Below are results after we solved naively linear optimization problems with material balance satisfied.
================================================================================
Comparison with OLI Studio Output
================================================================================
Species Python Test (Without applying heuristics) OLI Studio
-------------------------------------------------------------------------------------
H2O 5.341013e+01 5.547810e+01
NACL 0.000000e+00 1.000000e+00
NACL.2H2O 9.214461e-01 0.000000e+00
CO2 0.000000e+00 6.029680e-02
HCL.3H2O 4.454920e-02 0.000000e+00
CAO 0.000000e+00 1.700260e-02
NA5H3CO34 1.401327e-02 0.000000e+00
CA3CL6.1H2O 5.667523e-03 0.000000e+00
NA2CO3.10H2O 4.243804e-03 0.000000e+00
NA2O 0.000000e+00 1.141850e-13
================================================================================
Step 5: Python Implementation Results (With Heuristics Applied)
Below are results after we solved using linear optimization problems with material balance satisfied + heuristics applied. The heuristics assign preferential cost weights favoring simple molecular forms (e.g., NaCl, CO2), vapor species, and anhydrous compounds over hydrated species and complex salts, guiding the LP solver toward chemically intuitive, engineering-relevant apparent species compositions.
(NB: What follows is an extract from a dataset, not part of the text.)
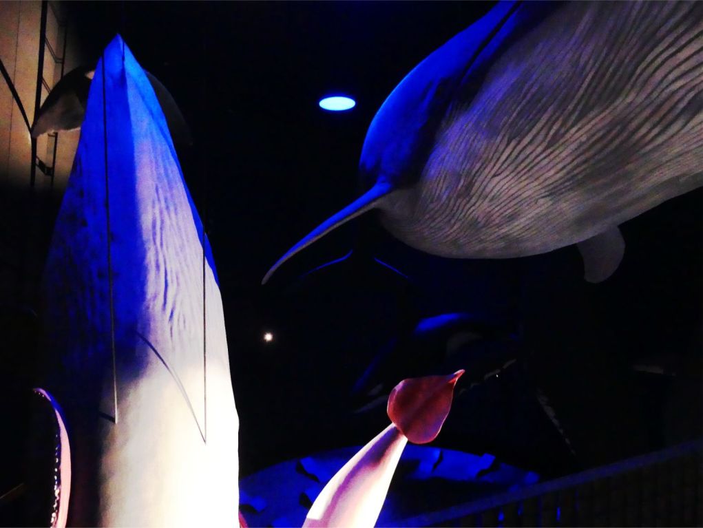 Auch beim Ozeaneum lassen sich die Touristen nicht durch das verordnete Corona-Regime des Tragens eines Mund-Nasen-Schutzes vom Besuch des Museums abhalten. Corona schafft einige Einschränkungen. Während früher in der Saison bis zu 10.000 Besucher täglich empfangen wurden, können derzeit nur maximal 2000 Besucher pro Tag in die Ausstellung gehen. Doch die Geduld der Wartenden am Einlass lohnt sich. Das im Jahr 2009 eröffnete Ozeaneum zeigt die größte Ostseeausstellung in ganz Europa und zeigt auch Ausstellungen über die Weltmeere und die darin vorhandene Vielfalt des Lebens. In dem modernen Konzept der Ausstellungen sind zahlreiche großräumige Aquarien eine lebendige Ergänzung zu einer Vielfalt an seltenen Originalen von Pflanzen und Tieren, zum Teil geliefert aus hauseigener Präparation. Die Ausstellungsmacher sind sich auch nicht zu schade, solche Fragen zu stellen wie „Müssen Fische trinken?“, um dann in verständlicher Sprache zu antworten: „Ja, sie müssen trinken und die Meeresfische geben über Poren in den Kiemen überschüssiges Salz ab.“ Zu den Höhepunkten des Ozeaneums zählen zweifellos die Pinguin-Anlage auf der Dachterrasse unter freiem Himmel sowie die mit Greenpeace im Erdgeschoss präsentierte Ausstellung „1:1 - Riesen der Meere“. Wie der Titel schon aussagt, kann man über die gesamte Raumhöhe schwebende Nachbildungen von Walen in Originalgröße in Augenschein nehmen. Die Nachbildung eines Blauwals mit 26 Meter Länge ist das größte Exponat. Rund zwei Dutzend Liegen laden den Besucher ein, in aller Ruhe die ganz großen Säugetiere der Welt intensiv zu betrachten.

================================================================================
Comparison with OLI Studio Output
================================================================================
Species Python (With Heuristics) OLI Studio
--------------------------------------------------------------------------------
H2O 5.547807e+01 5.547810e+01
NACL 1.000000e+00 1.000000e+00
CO2 6.029678e-02 6.029680e-02
CAO 1.700257e-02 1.700260e-02
NA2O 0.000000e+00 1.141850e-13
================================================================================
This comparison demonstrates that replicating OLI Studio's apparent species output requires not only correct material balance formulation but also faithful implementation of the chemical heuristics embedded in the cost function.
Conclusion
True-to-apparent species conversion employs linear programming with material balance constraints and chemically informed cost functions to translate rigorous equilibrium speciation into practical molecular formulas. This automated reconciliation ensures thermodynamic consistency while producing engineering-friendly composition reports. Process engineers benefit from familiar compound names and formulas, facilitating communication, material accounting, and integration with plant data systems. Understanding the underlying optimization principles enables informed chemistry model design and interpretation of molecular composition outputs across OLI software platforms.
References
(1) OLI Systems, Inc. OLI Studio User Guide, Version 12.0; Morris Plains, NJ, 2024.
(2) OLI Systems, Inc. OLI Engine Technical Reference, Version 12.0; Morris Plains, NJ, 2024.
(3) Nocedal, J.; Wright, S. J. Numerical Optimization, 2nd ed.; Springer: New York, 2006.
(4) Dantzig, G. B. Linear Programming and Extensions; Princeton University Press: Princeton, NJ, 1963.